=== Work task ===
Pictures must not appear; the answer is exactly the lines from the one that holds "EAA Chairman and" through the end of the material.

=== Supplied information ===
__________________________________________________

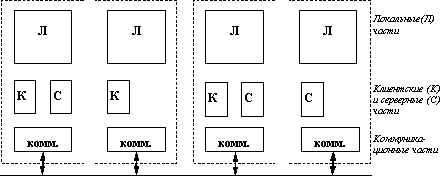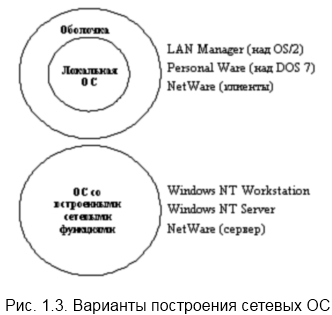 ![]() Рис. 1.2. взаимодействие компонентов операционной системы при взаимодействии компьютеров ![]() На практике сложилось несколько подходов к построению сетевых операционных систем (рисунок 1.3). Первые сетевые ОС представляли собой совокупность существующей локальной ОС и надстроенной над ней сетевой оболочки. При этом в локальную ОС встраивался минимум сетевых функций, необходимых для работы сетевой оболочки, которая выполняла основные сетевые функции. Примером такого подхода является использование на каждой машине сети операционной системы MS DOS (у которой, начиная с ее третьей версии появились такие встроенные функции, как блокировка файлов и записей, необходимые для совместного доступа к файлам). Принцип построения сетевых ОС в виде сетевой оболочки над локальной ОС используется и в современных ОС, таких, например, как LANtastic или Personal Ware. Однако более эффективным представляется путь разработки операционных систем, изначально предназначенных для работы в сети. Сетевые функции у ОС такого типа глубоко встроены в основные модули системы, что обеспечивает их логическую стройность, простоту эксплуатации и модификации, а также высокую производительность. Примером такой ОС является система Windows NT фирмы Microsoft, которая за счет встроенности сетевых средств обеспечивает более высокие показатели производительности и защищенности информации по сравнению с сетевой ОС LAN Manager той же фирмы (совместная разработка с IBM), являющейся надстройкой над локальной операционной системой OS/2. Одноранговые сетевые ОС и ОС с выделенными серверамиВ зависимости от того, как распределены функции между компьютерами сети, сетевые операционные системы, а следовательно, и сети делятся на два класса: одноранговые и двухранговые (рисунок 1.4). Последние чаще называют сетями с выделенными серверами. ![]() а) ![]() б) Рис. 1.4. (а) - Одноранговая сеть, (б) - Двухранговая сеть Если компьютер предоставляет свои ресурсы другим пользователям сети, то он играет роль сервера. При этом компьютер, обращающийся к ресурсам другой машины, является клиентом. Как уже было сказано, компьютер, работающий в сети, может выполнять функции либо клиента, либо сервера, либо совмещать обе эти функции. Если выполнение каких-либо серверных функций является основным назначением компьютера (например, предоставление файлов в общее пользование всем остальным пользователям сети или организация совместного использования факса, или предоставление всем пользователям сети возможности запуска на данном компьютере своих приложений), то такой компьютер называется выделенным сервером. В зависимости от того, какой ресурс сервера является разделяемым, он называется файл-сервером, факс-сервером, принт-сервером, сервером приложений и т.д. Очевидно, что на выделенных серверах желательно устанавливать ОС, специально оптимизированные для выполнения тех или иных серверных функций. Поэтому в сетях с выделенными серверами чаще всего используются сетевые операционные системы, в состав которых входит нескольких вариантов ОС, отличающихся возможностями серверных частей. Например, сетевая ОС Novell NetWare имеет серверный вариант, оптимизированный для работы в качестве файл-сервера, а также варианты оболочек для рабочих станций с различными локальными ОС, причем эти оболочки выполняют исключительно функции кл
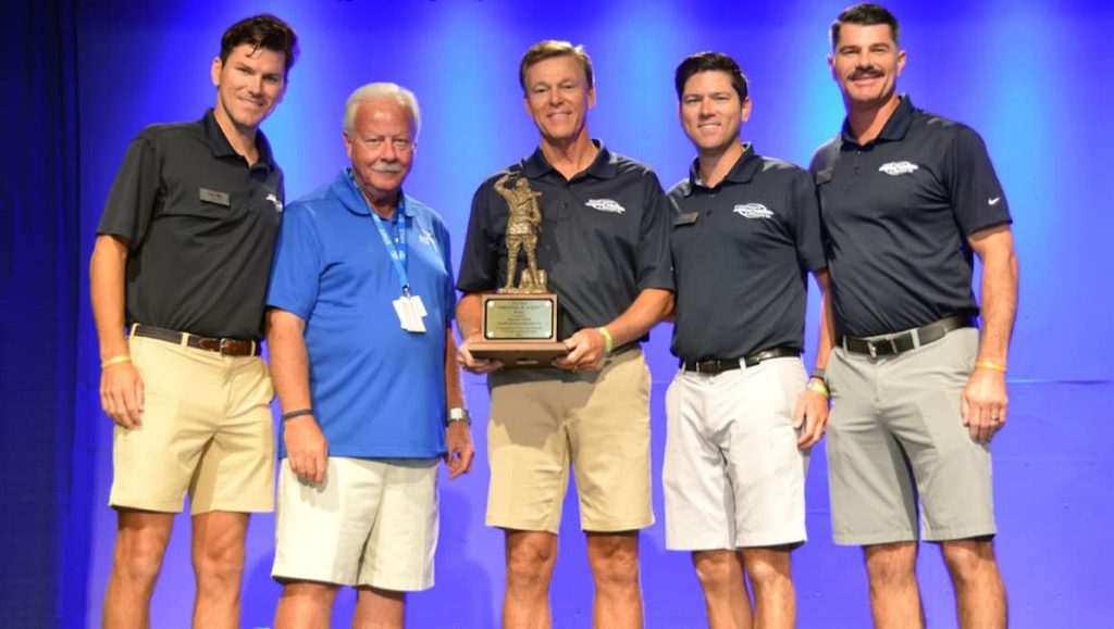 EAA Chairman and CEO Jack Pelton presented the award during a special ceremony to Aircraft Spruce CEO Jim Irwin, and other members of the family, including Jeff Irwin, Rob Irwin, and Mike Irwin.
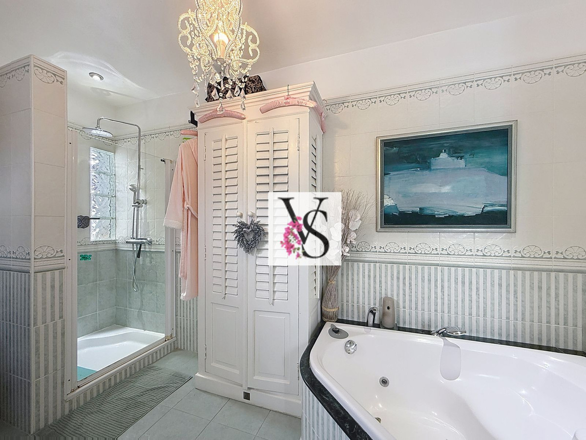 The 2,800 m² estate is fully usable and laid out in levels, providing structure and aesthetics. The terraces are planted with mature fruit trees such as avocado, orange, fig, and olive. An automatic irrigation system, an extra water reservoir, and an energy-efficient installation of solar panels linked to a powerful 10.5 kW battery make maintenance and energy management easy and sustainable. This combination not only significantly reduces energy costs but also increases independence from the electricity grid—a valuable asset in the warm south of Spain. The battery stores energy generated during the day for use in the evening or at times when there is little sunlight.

__________________________________________________

=== Exercise output ===
 EAA Chairman and CEO Jack Pelton presented the award during a special ceremony to Aircraft Spruce CEO Jim Irwin, and other members of the family, including Jeff Irwin, Rob Irwin, and Mike Irwin.
 The 2,800 m² estate is fully usable and laid out in levels, providing structure and aesthetics. The terraces are planted with mature fruit trees such as avocado, orange, fig, and olive. An automatic irrigation system, an extra water reservoir, and an energy-efficient installation of solar panels linked to a powerful 10.5 kW battery make maintenance and energy management easy and sustainable. This combination not only significantly reduces energy costs but also increases independence from the electricity grid—a valuable asset in the warm south of Spain. The battery stores energy generated during the day for use in the evening or at times when there is little sunlight.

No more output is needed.